Ethernet cables (generally CAT-6) provide a common wiring platform for a low-voltage DC power grid. Each CAT-6A cable has 8 smaller wires inside a protective sleeve. POE uses two pairs of these wires to provide approximately 50W to the end-use device. The remaining two pairs can be used to carry data to and from the controlled device. In lighting, this may be a dimming signal, an on-off command, or a power measurement in PoE Lighting Efficiency.
Pros of POE Systems
Fewer Electrical Hazards
POE power-carrying line pairs typically carry 48V, well below the Class 2 wiring threshold of 60V. As such, work on these systems can be performed by less-expensive labor categories (depending on local regulations).
Since the electrical wire is Class 2, conduit is not specifically required. This can reduce the first cost, although this may carry some risk (see below).
Power over Ethernet (PoE) supports low voltage technologies like LED lighting systems, sensors, and HVAC controllers that have become standard in today’s commercial office building. PoE power devices draw less power than legacy devices, and because they are smart, they can turn off and on automatically. PoE energy costs are low and getting even lower, as smart office spaces are becoming more and more efficient. These sensing capabilities are making commercial office space more affordable for businesses to lease and own.
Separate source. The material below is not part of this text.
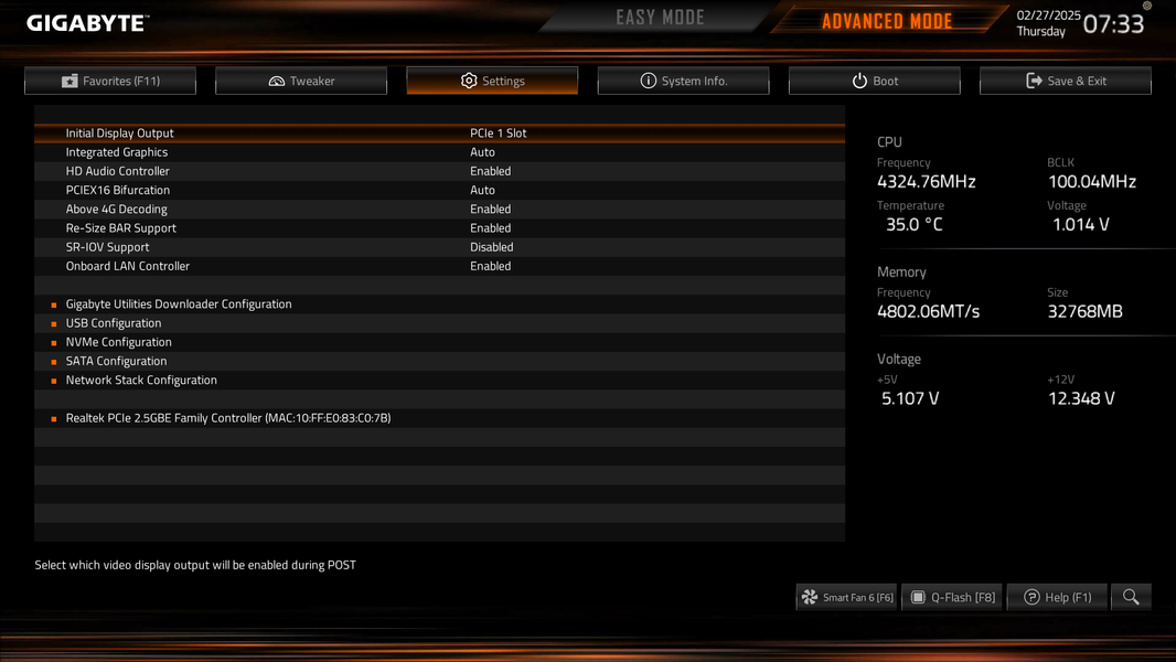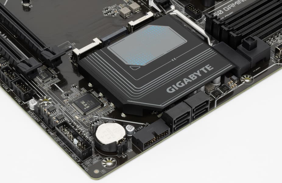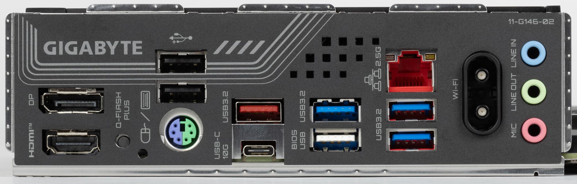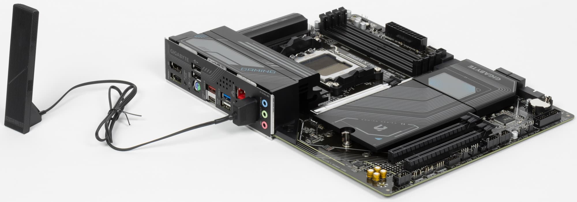 У Gigabyte B850 Gaming X WiFi6E имеется 15 портов USB разных видов, включая два быстрых порта USB 3.2 Gen2 и один USB 3.2 Gen2×2. Основной слот PCIe х16 получает от процессора 16 линий PCIe 5.0, возможно разделение линий через настройки в BIOS Setup (в случае установки накопителя в ближайший слот M.2). У платы имеется три слота M.2, один из которых поддерживает PCIe 5.0, остальные два — PCIe 4.0.

PoE Lighting Efficiency An Important Role In A Digital Ecosystem
Smart building technology is being applied to create a digital ecosystem where insight into usage and optimization can be harnessed to improve the utilization of the space and the environment for those who occupy it. This data, in turn, provides insights that were never achievable before, and allow businesses to create connected applications and services that deliver new capabilities and value to employees and customers.
Luminetworx PoE Building, PoE Technology,
The Smart Connected Lighting System for Offices, Retail, Residential and more.
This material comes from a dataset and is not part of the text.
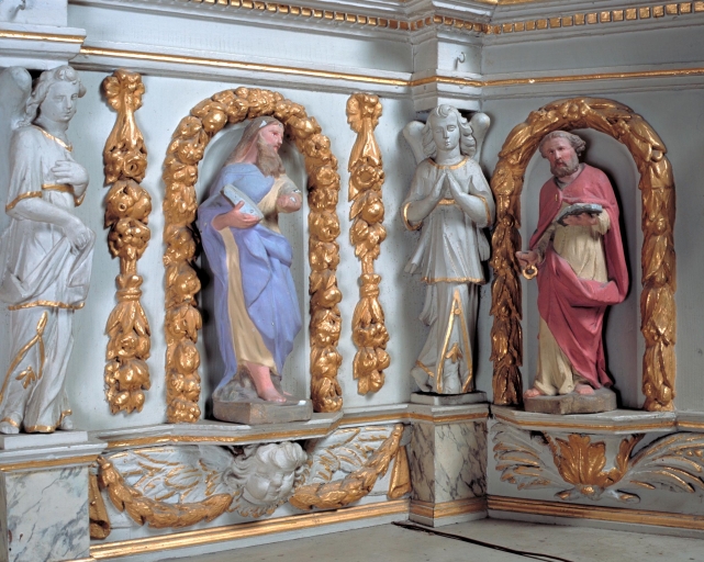 Ensemble du maître-autel : autel, tabernacle, retable, gradin d'autel, 3 degrés d'autel,

One way to address all of these challenges is to choose the right IoT platform for the building that can provide flexibility to customize a your facility’s building to its unique needs. While current LED technology and intelligent lighting controls can reduce energy costs, alone they solve only one challenge. The Luminetworx lighting control system and PoE lighting is a complete smart lighting solution yet has the capability to be one solution for many problems. Luminetworx’s patented PoE Lighting & IoT platform can integrate with other building applications into one centralized system. This empowers the client to improve the quality of service by carefully managing the client’s needs. For example in healthcare circadian rhythms, monitoring noise levels, employing low lighting when needed, maintaining comfortable temperatures depending on space and light, optimizing staff resources, and ensuring patients feel safe and comfortable.